But as the evening evolves and Fela’s outrage grows at the atrocities, his broad smile is replaced by a smoldering glare. He seeks a sign that his dead mother gives her blessing for Fela to leave the country and the cause. In a flabbergasting coup of stylized stagecraft, Fela journeys into the land of the dead to consult his mother. This pull-out-all-the-stops hallucinogenic fever dream culminates in his mother instilling in Fela the will to continue their work as she sings a heart-stopping aria.

The shining soul of the show is Osakalumi’s central portrait of a charismatic artist who merged his music with political activism. But the two real stars of the show are the source music (mostly by Fela, orchestrated/arranged by Aaron Johnson) and avant-garde directorial vision of Bill T. Jones who won the 2010 Tony Award for his kinetic choreography.

The music blends disparate elements such as djembe drums from the villages, horn sections straight out of Motown, Cuban conga drums, funkadelic bass and gleefully impudent anti-social lyrics which range from poetic metaphor to scatological jibes. Through it all runs pulsating sexuality. Two of Fela’s international renowned numbers, “Zombie” and Originality/Yellow Fever” are offered here with long, almost hypnotic licks.

In a perfect synergy with the sound, Jones has created a dance vocabulary from a dozen disciplines as eclectic as the music. His lithe and muscular corps swivels their hips, pop their shoulders and stoop/strut like kings of the barnyard. Jones imagines human beings can throw themselves into the air and while aloft pivot their bodies at the waist with their limbs flying in different directions like the tendrils of a jellyfish.
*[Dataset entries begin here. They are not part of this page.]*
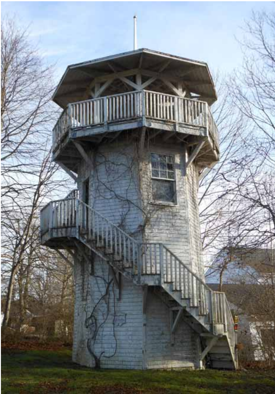
The tower in December 2012.

is sustained by a modest endowment fund and private donations; however, it has never had the resources to maintain the adjacent Tower. Subsequently, the Tower stairs rotted away, and the basic shell remained untouched until the Chester Municipal Heritage Society got involved in the mid 1980's.
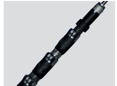
Heavy duty clamps for longevity
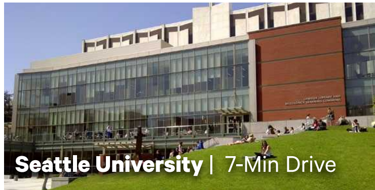
Seattle University | 7-Min Drive

The tall and slender Osakalumi (who relieved the show’s original star in Broadway) exudes an engaging jocular persona even as he is describing the oppression in his country. He has no trouble seducing an uptight audience into participating in call-and-response chants, standing and even swaying to the music. It’s exhausting just watching him, which is why the role is sometimes filled by Duain Richmond.
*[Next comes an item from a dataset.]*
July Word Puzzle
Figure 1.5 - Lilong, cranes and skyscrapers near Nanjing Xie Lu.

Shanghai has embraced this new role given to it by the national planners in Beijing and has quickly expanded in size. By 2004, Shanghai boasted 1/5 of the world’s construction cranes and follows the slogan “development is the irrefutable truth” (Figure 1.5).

Yet the most memorable performance comes from a veteran of the British production, Melanie Marshall, as the formidable spirit of Fela’s mother. In the first act, she mostly sings from a second-story catwalk lit from behind, with her mellow sweet voice somehow disconnected from a person. But when Fela journeys to the afterlife to ask her blessing on his retreat, Marshall sits atop a tall metal staircase, cradling Fela’s head against her knees, and issuing forth music that rivals the bright white light she is bathed in. The song “Rain” – one of the few in the show not by Fela –exhorts Fela to persevere despite her death. The way she caresses the words, the way her voice soars in and around the melody scores as one of the most affecting moments in any Broadway Across America tour entry in either Miami or Broward in a few years. She was miked and her voice was pumped out of speakers at a decibel level that likely could be heard on South Beach. But the purity of her sound, her range, her agility, was the equal of anything I heard on the same stage by the Florida Grand Opera this season.
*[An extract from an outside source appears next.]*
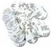
Coin Tag ID/IC 20mm
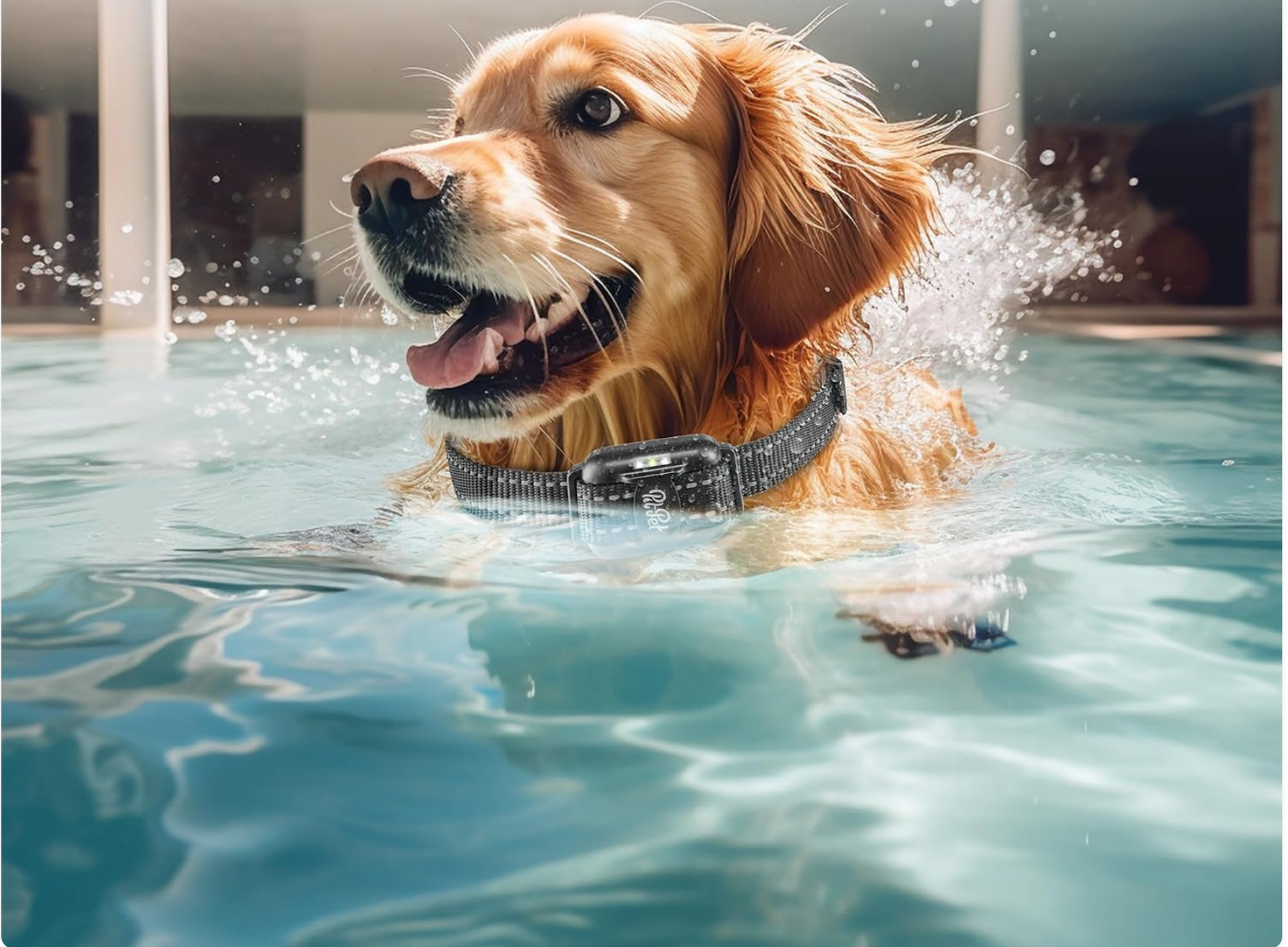
Image: A Golden Retriever swimming in a pool while wearing the Pitpet Dog Training Collar, illustrating its waterproof design.

If you see the advertising for the show, you might think Fela was being played by Michelle Williams, a member of the R&B girl group Destiny’s Child. But, in fact, she appears 45 minutes into the show as a black power activist who raised Fela’s consciousness during an extended stay in Los Angeles in the late 1960s. Williams does have legit credits replacing other performers in Broadway shows like The Color Purple and Chicago, so she is perfectly adequate in the part, although it could have been done as well if not better by many other actresses.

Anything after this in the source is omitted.